The top 10 stocks in Goldman’s services-providing basket include: Microsoft Corp. (MSFT), Amazon.com Inc. (AMZN), Alphabet Inc. (GOOGL), Berkshire Hathaway Inc. (BRK.B), Facebook Inc. (FB), JPMorgan Chase & Co. (JPM), Visa Inc. (V), Walmart Inc. (WMT), Mastercard Inc. (MA), and Bank of America Corp. (BAC).
What it Means for Investors
Goldman’s own in-house U.S.-China Trade Tension Barometer has collapsed as the intensity of trade concerns implied by the equity market has exploded. In April, the barometer indicated an 80% likelihood that a trade deal would be reached. That likelihood has plummeted and is now sitting at around 13%.
Trump’s threat of a 10% tariff on an additional $300 billion worth of Chinese goods is set to come into effect on September 1. China’s retaliation in the form of a yuan devaluation is raising the risks that the trade war turns into an all out currency war. Goldman’s economists believe a trade agreement is unlikely to happen before the Presidential election in November of next year.

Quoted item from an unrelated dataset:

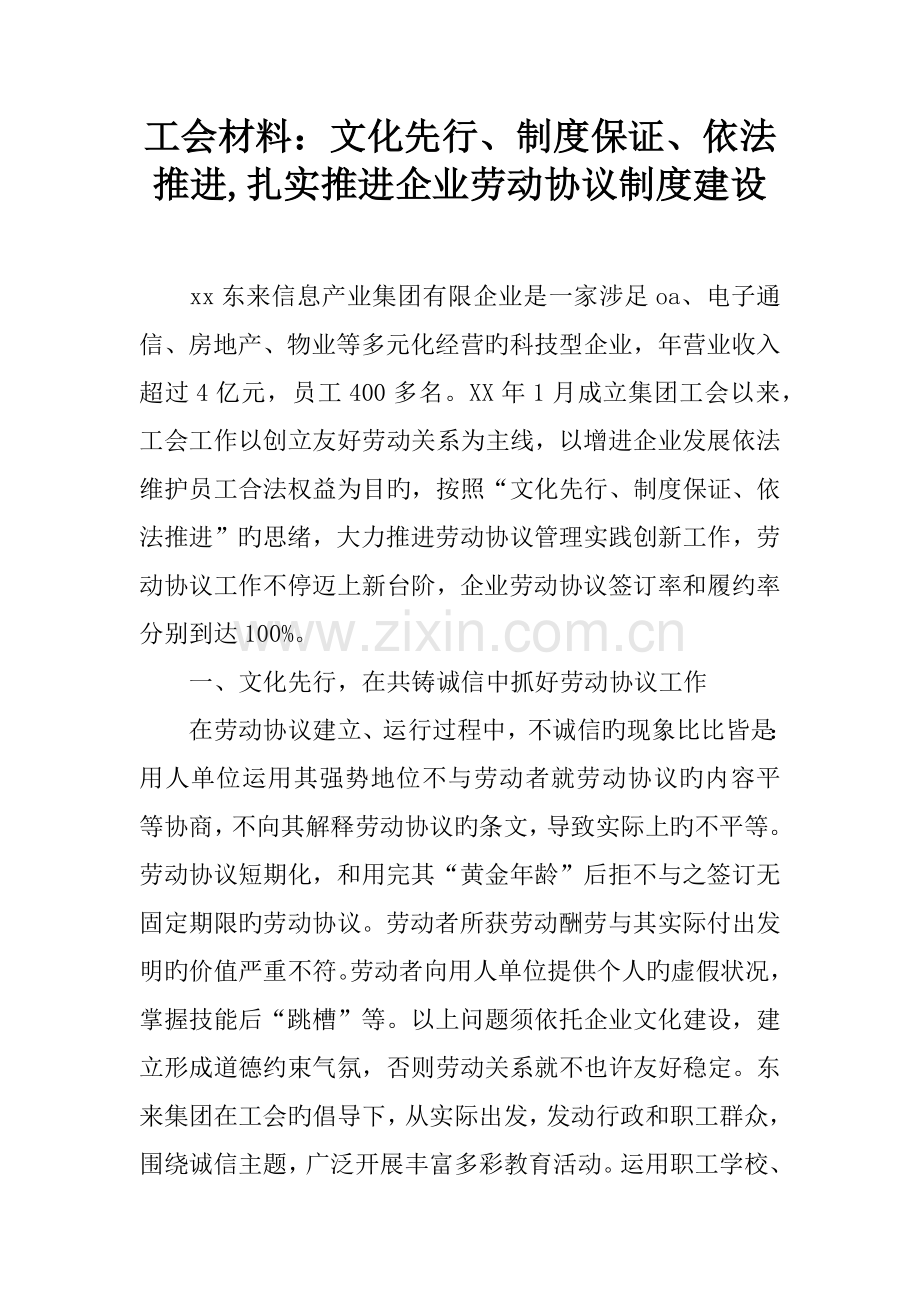 工会材料:文化先行、制度保证、依法推进,扎实推进企业劳动协议制度建设

While the bank’s analysts don’t see a recession hitting the U.S. economy in the near term, they do suggest investors shield themselves by weighting their portfolios toward service-providing companies as opposed goods-producing companies. The ongoing trade dispute between the world’s two largest economies is taking a much greater toll on the fundamentals of goods-producing firms due to their much heavier exposure to foreign trade.
“Services stocks have less foreign input costs that might be subject to tariffs and are also less exposed to potential trade retaliation given they have less non-US sales exposure than Goods firms,” wrote Goldman’s analysts led by David Kostin.
Services stocks, up 21% since the start of the year, have already outperformed goods stocks, which are up 16% on the year. Since the start of the third quarter, services stocks are up 0.8% while goods stocks are down -0.9%. Services firms are exhibiting faster sales and earnings growth, as well as more stable gross margins compared to goods firms.
Goldman also proposes investors shift towards stocks with lower labor costs, expecting further interest rate cuts by the Federal Reserve amid a still-growing economy and relatively tight labor market to result in upward pressure on wages. Stocks of companies with low labor costs compared to those with high labor costs are much more insulated from margin pressures.